- Born: c. 1877 Washington, Indiana, United States
- Died: April 11, 1951 Boynton Beach, Florida, United States
- Education: Indiana University
- Occupations: Advertising executive, Racehorse owner/breeder
- Known for: Challedon, Gallorette
- Board member of: W. L. Brann Advertising Agency
- Spouse: Mabel Vreeland
- Children: 1) William Leavitt Jr. (1916-1998), 2) Mary Elizabeth

= William L. Brann =

American businessman (c. 1877–1951)

William Leavitt Brann (c. 1877 – April 11, 1951) was an American businessman and Thoroughbred racehorse owner and breeder.

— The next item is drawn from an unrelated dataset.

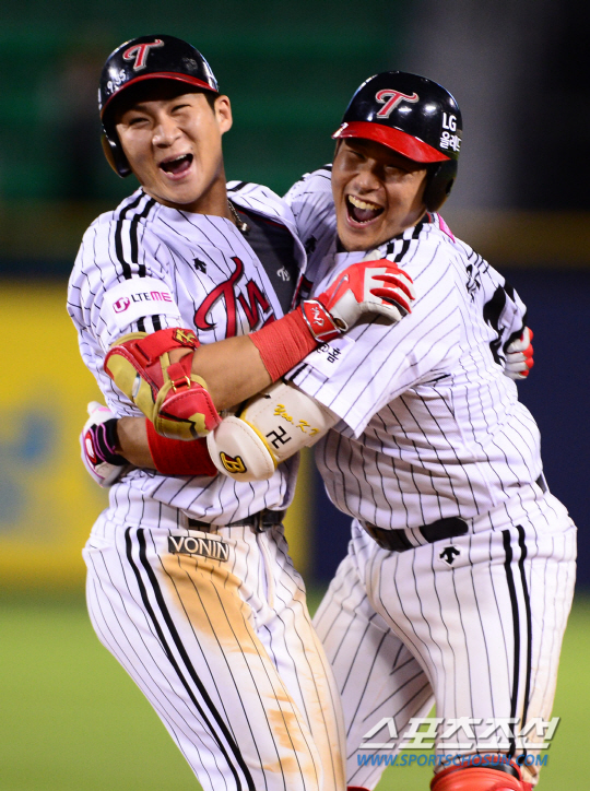2015 프로야구 LG와 롯데의 주중 3연전 이틀째 경기가 8일 잠실 야구장에서 펼쳐 졌다. 연장 11회말 1사 만루에서 LG 오지환이 끝내기 안타를 치고 동료들과 뒤엉켜 좋아하고 있다. 잠실=조병관기자 rainmaker@sportschosun.com/2015.07.08/

Born in Washington, Indiana, William Brann graduated from Indiana University Bloomington and moved to New York City where he founded the W. L. Brann Advertising Agency, serving national clients such as Montgomery Ward.

==Thoroughbred racing==
In partnership with Robert Stanley Castle, William Brann owned Branncastle Farm in Walkersville in Frederick County, Maryland. Among the successful horses they bred was Challedon, the 1939 and 1940 American Horse of the Year and a U.S. Racing Hall of Fame inductee. Challedon became the first Maryland-bred and Maryland-owned winner of Maryland's Preakness Stakes since Cloverbrook in 1877. Robert Castle's health problems, that led to his death in May 1948, saw him give up racing and William Brann then operated under the name Glade Valley Farm.

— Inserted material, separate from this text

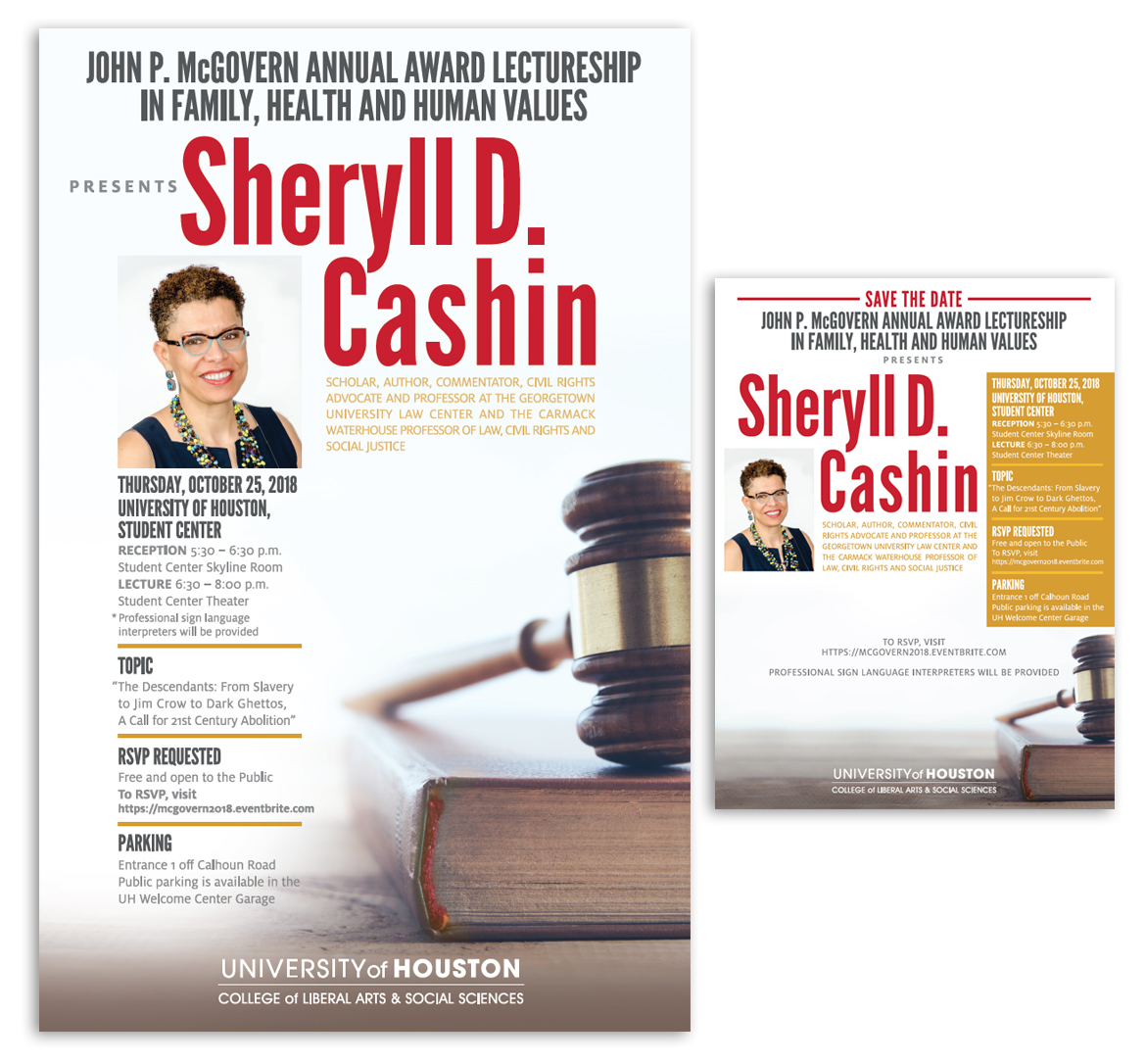 Poster and save the date postcard for the University of Houston’s College of Liberal Arts & Social Sciences John P. McGovern Lecture series.

William Brann also owned Gallorette whom he raced with great success in 1945 through 1948. Ranked as one of the top three mares in American racing during the 20th century, Gallorette was the 1946 American Champion Older Female Horse and was also inducted in the U.S. Racing Hall of Fame. Brann owned a large number of runners during his years in racing including Escadru, Pictor, Vincentive, and Legendra. Trainers who conditioned his horses included Don Cameron, Edward Christmas, and Louis Schaefer.

Willam and Mabel Brann maintained a winter home in Boynton Beach, Florida where he died in 1951 at the age of seventy-three.